Biomarkers refer to medical signs or objective indications of a disease. There are multiple biomarkers associated with SLC13A5 Citrate Transporter Disorder that have been published and are currently under investigation. We have provided a general description of some biomarkers associated with SLC13A5 Citrate Transporter Disorder.
Citrate: SLC13A5 Citrate Transporter Disorder is caused by mutations in the Slc13a5 gene that code for a sodium citrate cotransporter, NaCT. NaCT is responsible for transporting citrate, a key substrate in cellular metabolism, from the extracellular fluid into the cell. Mutations in Slc13a5 lead to decreased expression, function, and mislocalization of NaCT. Consistent with this, patients with SLC13A5 Citrate Transporter Disorder have elevated citrate levels in the CSF, plasma, and urine (Bainbridge et al. 2017).

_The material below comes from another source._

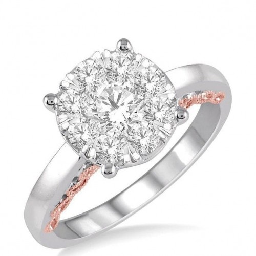 Make the most important statement of your life with this captivating milgrain finished Diamond Engagement Ring showcasing a large impressive 5/8 ct prong set princess cut center stone diamond complemented and accented by a luminous row of 16 round cut diamonds elegantly prong set in glistening 14 karat white gold. Total diamond weight is 1 ctw.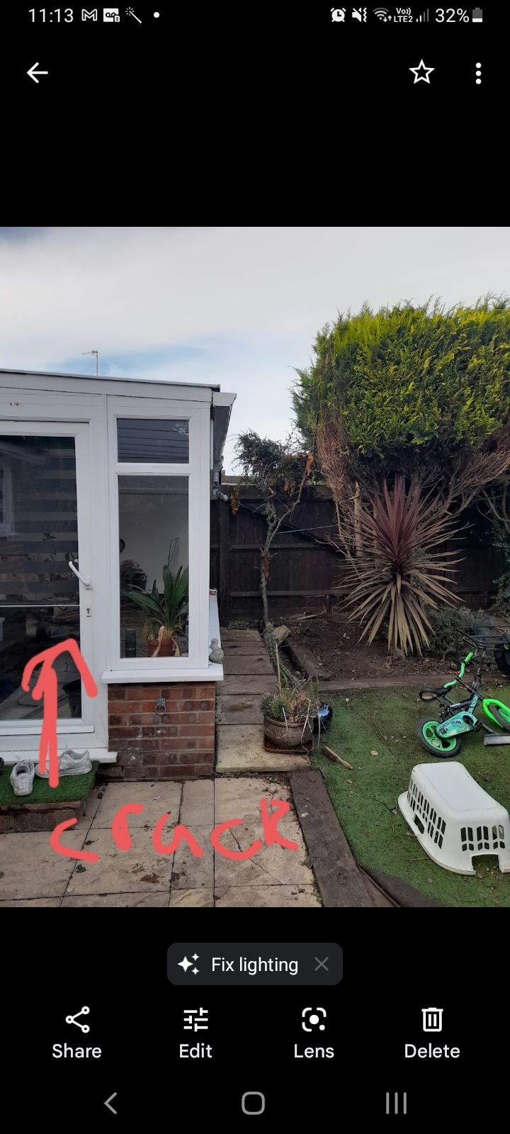I've just recently moved in to my late father's bungalow and have discovered the dwarf wall in the conservatory is progressively opening up In the corner. It's always been a issue but without a doubt has got much worse within the last few month's.

Electroencephalography (EEG): Patients with SLC13A5 Citrate Transporter Disorder start experiencing seizures within hours to days after birth. Despite frequent seizures, SLC13A5 Citrate Transporter Disorder patients have EEGs with relatively normal background for age (Matricardi et al. 2020, Yang et al. 2020). This contrasts with many other epileptic encephalopathies which have more disordered backgrounds.
Magnetic resonance imaging (MRI): Patients with SLC13A5 Citrate Transporter Disorder show minor abnormalities of punctate white matter lesions during the neonatal period that are no longer visible at 6 months of age (Weeke et al 2017).
Movement: A majority of patients have ataxia (loss of full control of bodily movements) and hypotonia (decreased muscle tone). The specific movement changes have yet to be characterized.
Teeth: Tooth abnormalities, including tooth hypoplasia or hypodontia, are reported in a majority of patients with SLC13A5 Citrate Transporter Disorder (Matricardi et al. 2020, Hardies et al. 2015). This is a common phenotype of channel mutants.